28/01/15

Outra forma de "ordem espontânea"

Um artigo de 2012 de Yanis Varoufakis (o novo ministro das finanças grego) sobre a forma de organização da empresa de jogos electrónicos para qual ele trabalhou. Nessa empresa os empregados decidem eles mesmos em que projetos vão trabalhar (em vez de terem um chefe que lhes distribui tarefas), e Varoufakis apresenta isso como um tipo alternativo de "ordem espontânea", distinto da "ordem espontânea" dos economistas liberais (em que a coordenação entre uma infinidade de decisões descentralizadas é feita através do sistema de preços) e também da planificação central em miniatura que caracteriza as empresas tradicionais:

Interestingly, however, there is one last bastion of economic activity that proved remarkably resistant to the triumph of the market: firms, companies and, later, corporations. Think about it: market-societies, or capitalism, are synonymous with firms, companies, corporations. And yet, quite paradoxically, firms can be thought of as market-free zones. Within their realm, firms (like societies) allocate scarce resources (between different productive activities and processes). Nevertheless they do so by means of some non-price, more often than not hierarchical, mechanism! (...)

The miracle of the market, according to Hayek, was that it managed to signal to each what activity is best for herself and for society as a whole without first aggregating all the disparate and local pieces of knowledge that lived in the minds and subconscious of each consumer, each designer, each producer. How does this signalling happen? Hayek’s answer (borrowed from Smith) was devastatingly simple: through the movement of prices. E.g. whenever the price of balloons goes up, this signals to balloon makers that ‘society’ wants more balloons. Thus they produce more, without any agency or ministry telling them to do so; without any need to concentrate in some building or server all information about people’s balloon preferences, or about the technology of producing balloons. (...)
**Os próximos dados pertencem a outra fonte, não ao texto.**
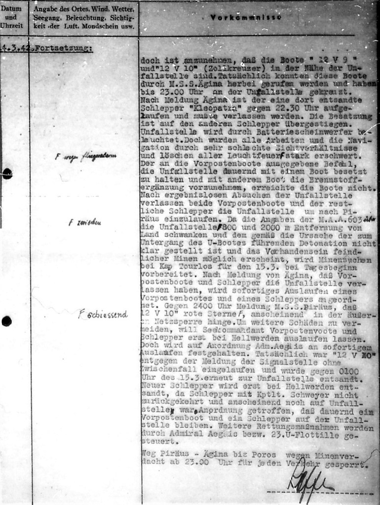 The event was witnessed by lookouts of the Kriegsmarine 603rd Coastal Artillery stationed at Cape Tourlos and duly recorded (somewhat dispassionately) in their War Diary: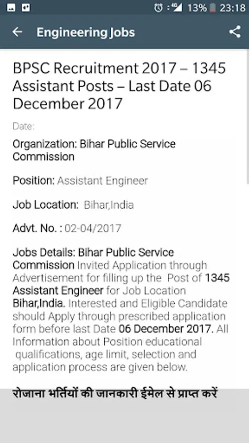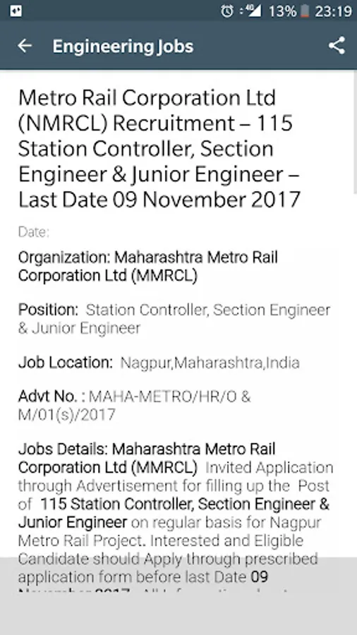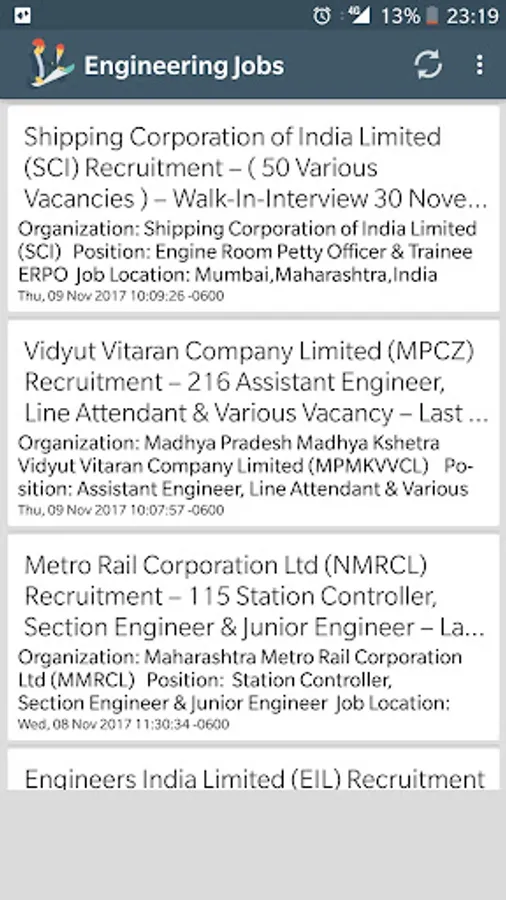 All Engineering Jobs alert app will help you browse every detail about a particular Engineering Jobs. We cover all possible categories & locations. Aspirants can easily come across Free Job alerts throughout the day.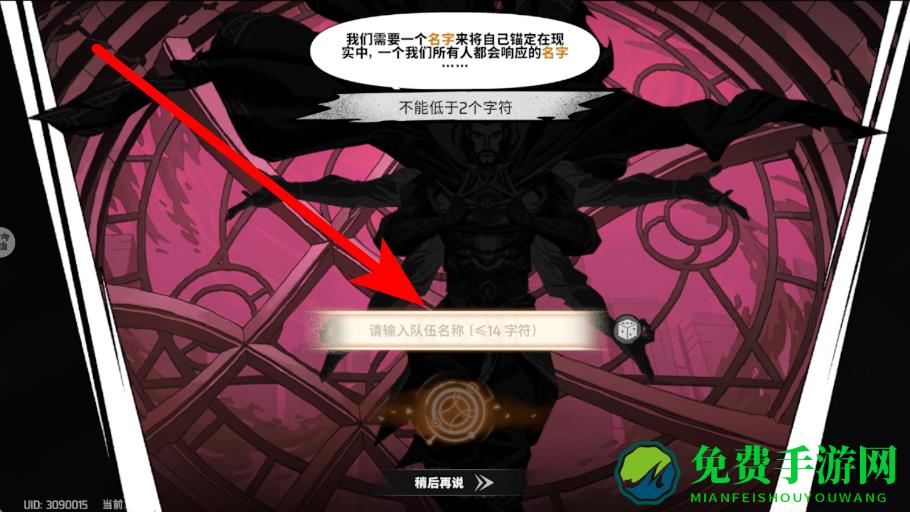 1、创建角色时,在指定输入框中,输入符合要求的队伍名称,完成角色相关的创建,开启在策略战斗类作品中的战斗之旅,准备体验后续的攻击等环节。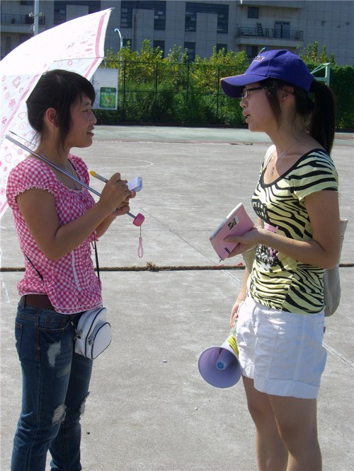 (学生会主席王巧辉为新生当裁判)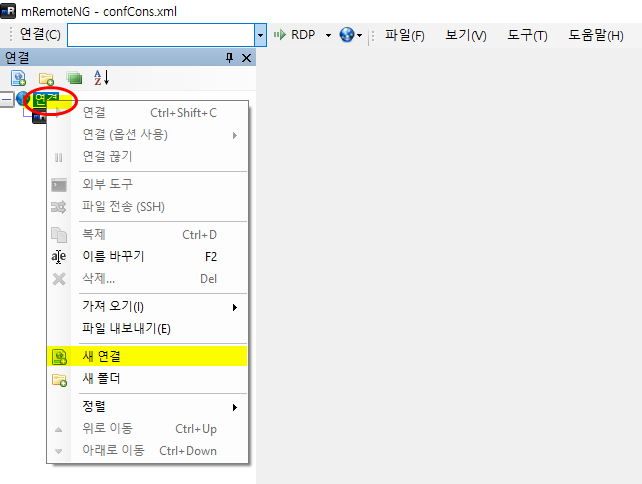 [새폴더]의 경우도 마찬가지로 폴더별로 구분이 필요할 때, 폴더 및 [새연결]을 추가해서 접속정보를 관리하면 될 것이다.
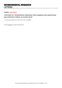 Comment on ‘unintentional unfairness when applying new greenhouse gas emissions metrics at country level'.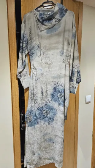 Vestido vaporoso de Zara con un bonito estampado floral. - Diseño ligero y fluido. - Cuello tipo bufanda. - Mangas largas con puños abotonados. - Estampado en tonos beige y azul.
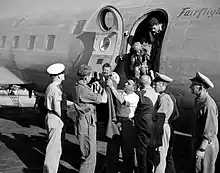 Jewish Agency representatives meeting Yemenite immigrants, upon arrival at Lod airport in 1949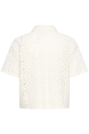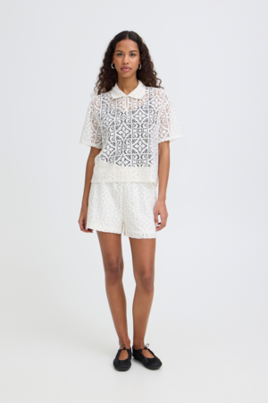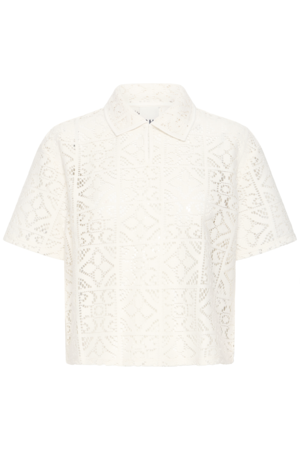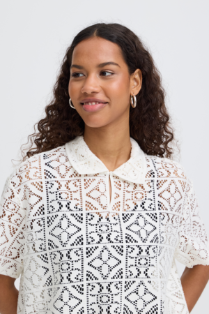 ICHI Naima lace top kopen? Luchtige zomertop met kraag, korte mouw en vrouwelijke opengewerkte structuur.
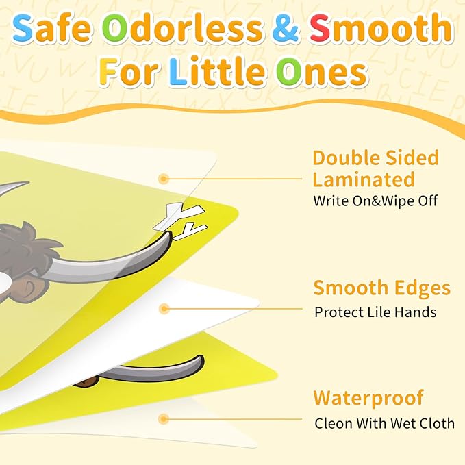 - 【Child-Safe Learning Tool】Features rounded corners, laminated, wipe-clean with smooth edges. The colorful alphabet flash mask card set is waterproof and safely designed for repeated classroom or home use.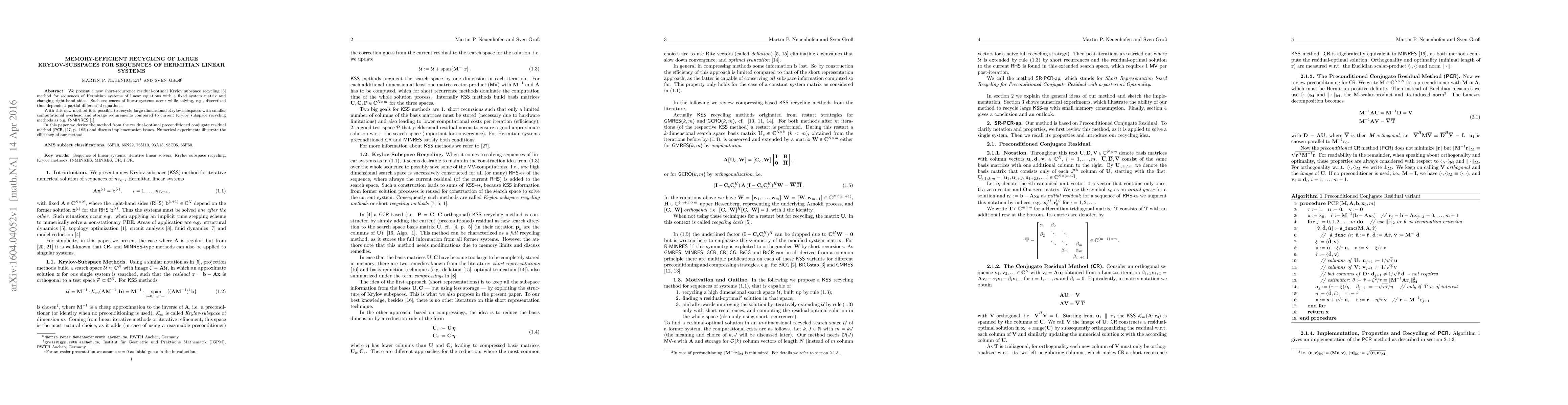 We present a new short-recurrence reaidual-optimal Krylov subspace recycling method for sequences of Hermitian systems of linear equations with a fixed system matrix and changing right-hand sides. Such sequences of linear systems occur while solving, e.g., discretized time-dependent partial differential equations. With this new method it is possible to recycle large-dimensional Krylov-subspaces with smaller computational overhead and storage requirements compared to current Krylov subspace recycling methods as e.g. R-MINRES. In this paper we derive the method from the residual-optimal preconditioned conjugate residual method and duscuss implementation issues. Numerical experiments illustrate the efficiency of our method.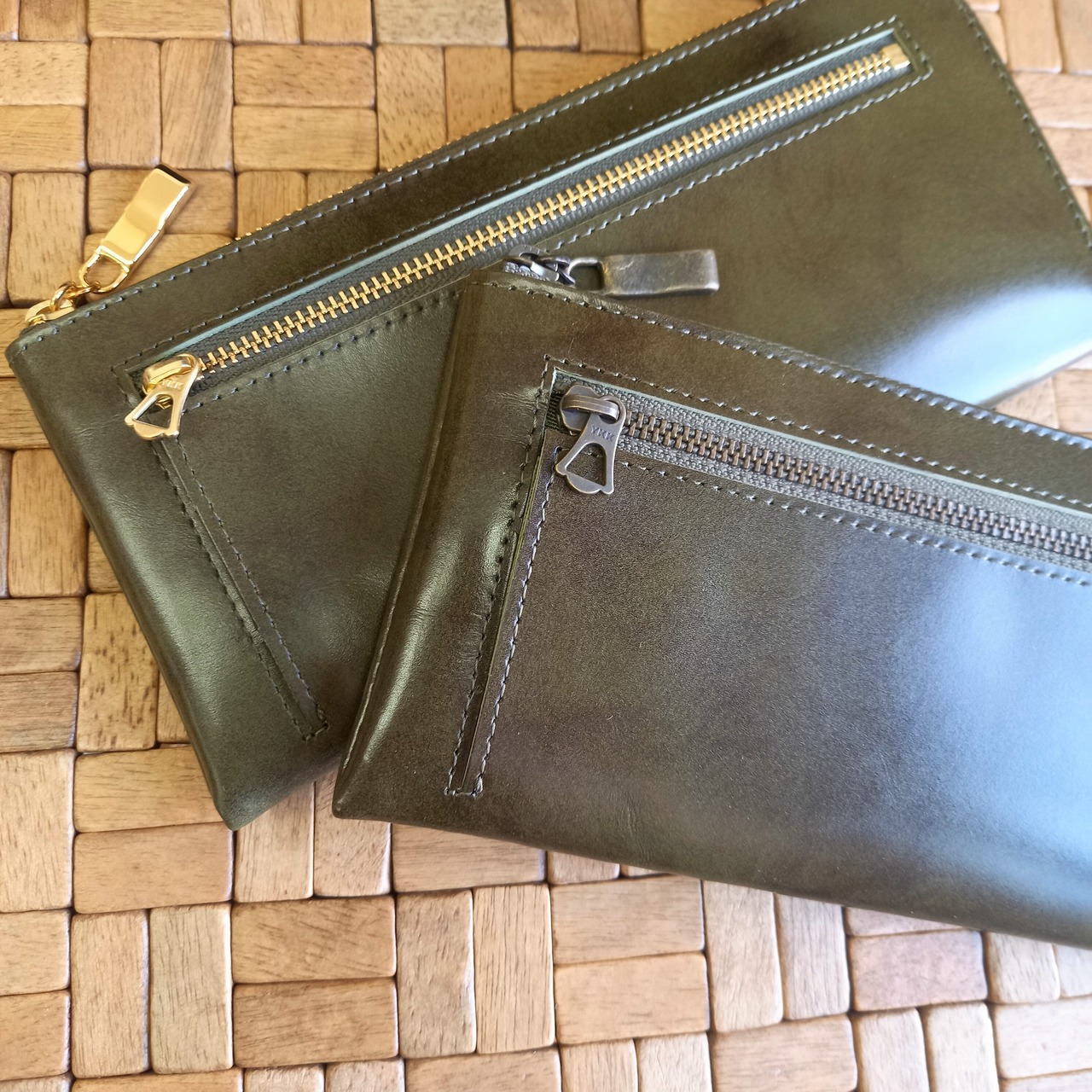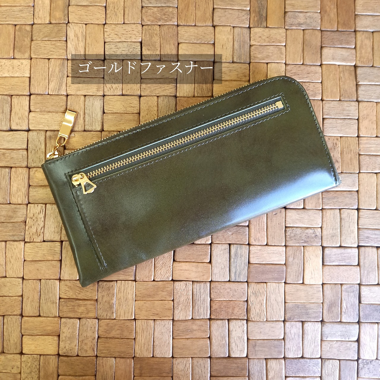 【SALE】送料無料!薄くて軽いのに大容量な長財布(アッシュグリーン)14枚カード入れ◇手染め牛革◇ファスナー選べる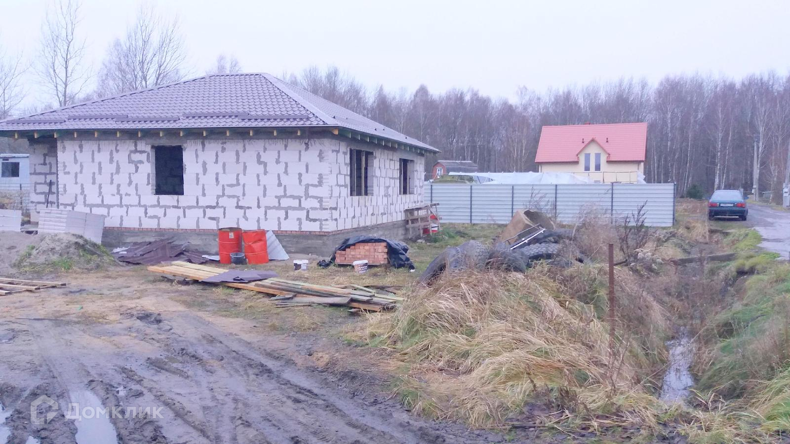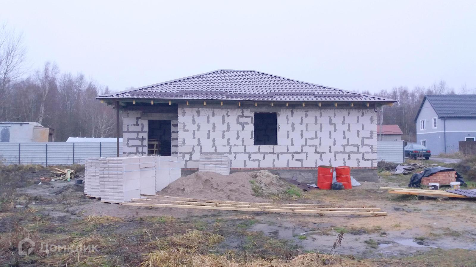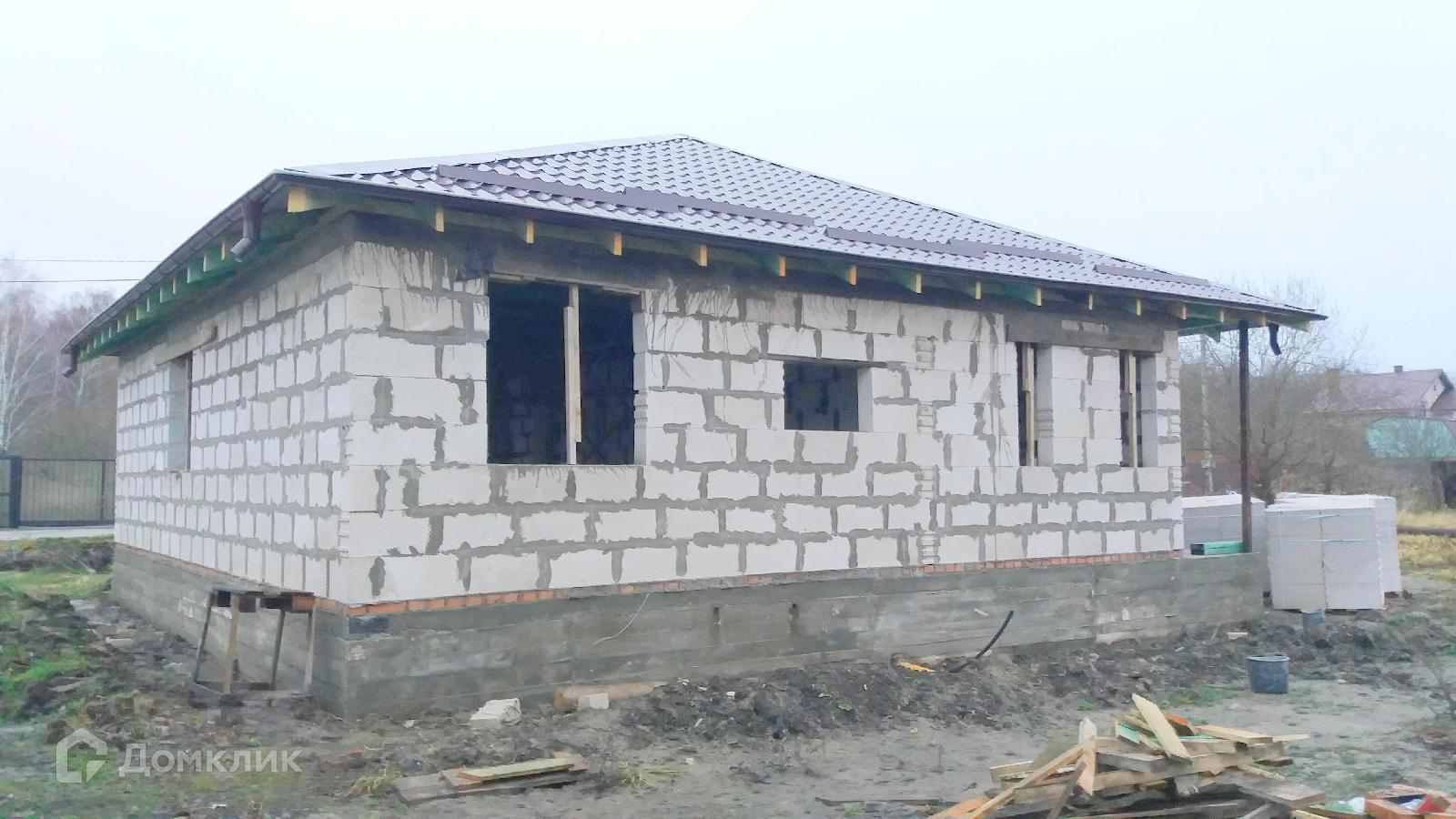 Общая площадь — 100 м², свободная планировка, коммуникации введены. Перегородочные блоки в подарок. По проекту в доме: 3 изолированные спальни, большая кухня-гостиная, котельная, санузел.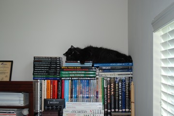 Ciera sleeps atop books in the study.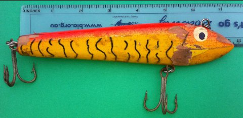 Made in Cairns in the early 1980's - these lures are obscure. A photo was shown by Barry Cross, aka 'Captain Cranky' on the Lure Lovers forum. The lure shown opposite is from another collection.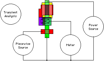 | It is interesting to examine the SPICE [Nagel] simulation environment in Electric, which can graphically specify all parameters. Connecting meter and source components to a circuit, and parameterizing them appropriately, allows a complete input and output to be determined (see Fig. 11.11). When the simulation runs, the output values are used to generate a waveform plot with artwork primitives. Since this plot is a cell like any other, it can be saved as documentation, zoomed into for closer examination, and even altered with the normal editing commands to fudge the data! |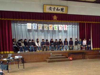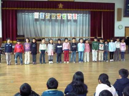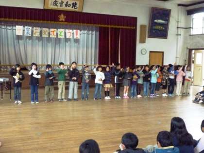 17日(水)。今日,全校児童が集まって,6年生をおくる会を行いました。今年は,19名の6年生が,この清水小学校から巣立っていきます。その6年生をみんなでお祝いする会です。初めに,各学年からのお祝い言葉や歌,合奏のプレゼントがおくられました。1年生からは,言葉と歌「ゆうきを出して」のプレゼント,2年生からも,言葉と歌「はじめの一歩」のプレゼントがおくられました。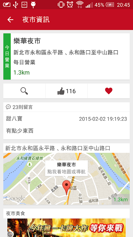 3. 地圖瀏覽直接標示出夜市位置,不用再翻一次地圖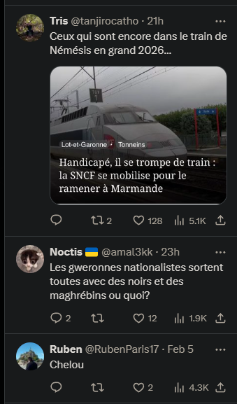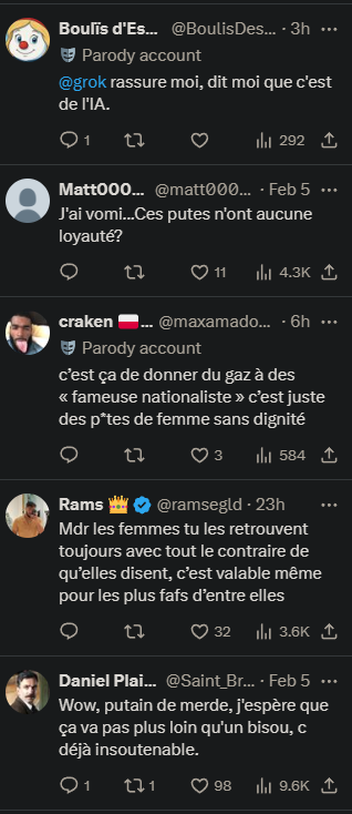 Le 06 février 2026 à 19:17:57 : fait un bisou sur la joue d'un natio d'origine maghrébine probablement gay C'est une blague ? Les femmes trahissent toujours Dites moi que c'est de l'IA Ces p* n'ont aucune loyauté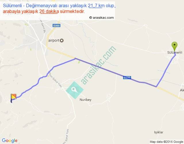 Sülümenli - Değirmenayvalı arası yaklaşık olarak 90 km/h ile yukarıda belirtilen sürede olup, iki yerin kuş uçuşu uzaklığı (mesafesi) 18'dir. Yolculuk otobüsle 33 dakika sürmektedir.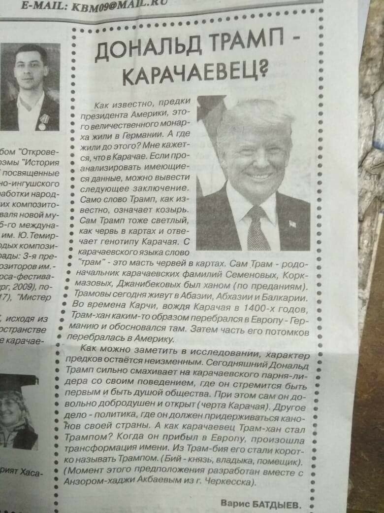 В газете под названием «Карачаево-балкарский мир» в 2020 году вышла статья, которая вновь привлекла внимание в интернете. В статье, написанной Варисом Батдыевым, утверждается, что Дональд Трамп имеет карачаевское происхождение, и это объясняется тремя причинами. Во-первых, как пишет Батдыев, Трамп внешне и по характеру очень похож на карачаевцев – он любит быть лидером. Во-вторых, у карачаевского народа действительно существовал род «Трам». Сегодня представители Трамовых живут в Абазии, Абхазии и Балкарии. Один из карачаевских лидеров, Трам-хан, в 1400-х годах переселился в Европу, в Германию, а его потомки впоследствии перебрались в Америку. Известно, что предки Дональда Трампа были немцами и происходили из Германии.

Be that as it may, there is a twofold problem with Smith’s and Hayek’s ‘spontaneous order’: First, it restricts too heavily the scope of Hume’s original notion of an order that evolves spontaneously. Hume thought that humans are prone to all sorts of incommensurable passions (e.g. the passion for a video game, the passion for chocolate, the passion for social justice) the pursuit of which leads to many different types of conventions that, eventually, make up our jointly produced spontaneous order. In contrast, Smith and Hayek concentrate their analysis on a single passion: the passion for profit-making. Moreover, Hume also believed in a variety of signals, as opposed to Hayek’s exclusive reliance on price signalling. Secondly, Hayek’s argument that markets protect us from serfdom (i.e. from authoritarian hierarchies) is weakened substantially by the fact that he has precious little to say about corporate serfdom; about the hierarchies that millions must submit to (when working for Wal-Mart or Microsoft for instance) in order to make a living or to get a chance to unfold their talents. (...)

A corporation that tries to function as a type of ‘spontaneous order’ (i.e. without an internal system of command/hierarchy) seems like a contradiction in terms. Smith’s and Hayek’s spontaneous orders turn on price signals. As Coase et al explained in the previous section, the whole point about a corporation is that its internal organisation cannot turn on price signals (for if it could, it would not exist as a corporation but would, instead, contract out all the goods and services internally produced). So, if Valve’s own spontaneous order does not turn on price signals, what does it turn on?

The answer is: on time and team allocations. Each employee chooses (a) her partners (or team with which she wants to work) and (b) how much time she wants to devote to various competing projects. In making this decision, each Valve employee takes into account not only the attractiveness of projects and teams competing for their time but, also, the decisions of others.

3 comentários:

Pedro Viana disse...

Olá Miguel,

Para aqueles que possam estar cépticos sobre a "produtividade" dum tal sistema alternativo de organização do trabalho, será talvez relevante relembrar que a "produção" de conhecimento científico ainda segue (mas cada vez menos..) exactamente o processo descrito no último parágrafo. Não se pode dizer que tenha sido ineficiente...

Abraço,

Pedro

Ricardo Noronha disse...

Mas olhem que muitas empresas já adoptam esquemas semelhantes, com hierarquias difusas e flexíveis, uma disciplina assente nos resultados, muito ênfase no espírito de equipa e na criatividade, etc. Naturalmente que não será frequente nas zonas onde o capitalismo é menos desenvolvido (como Portugal e a Grécia), mas mesmo aí há muitos casos. E o neoliberalismo convive muitissimo bem com isso.

Pedro Viana disse...

Uma das facetas mais salientes do Capitalismo é a sua enorme capacidade, demonstrada na prática, para absorver e integrar todo o tipo de "experiências pré e pós-capitalistas". Basta lembrar o modo como convive perfeitamente com o movimento cooperativista, na esfera monetária e mercantil, e com todo o tipo de trabalho partilhado, comunitário, comunista, existente desde sempre, na esfera económica não-monetária e não-mercantil.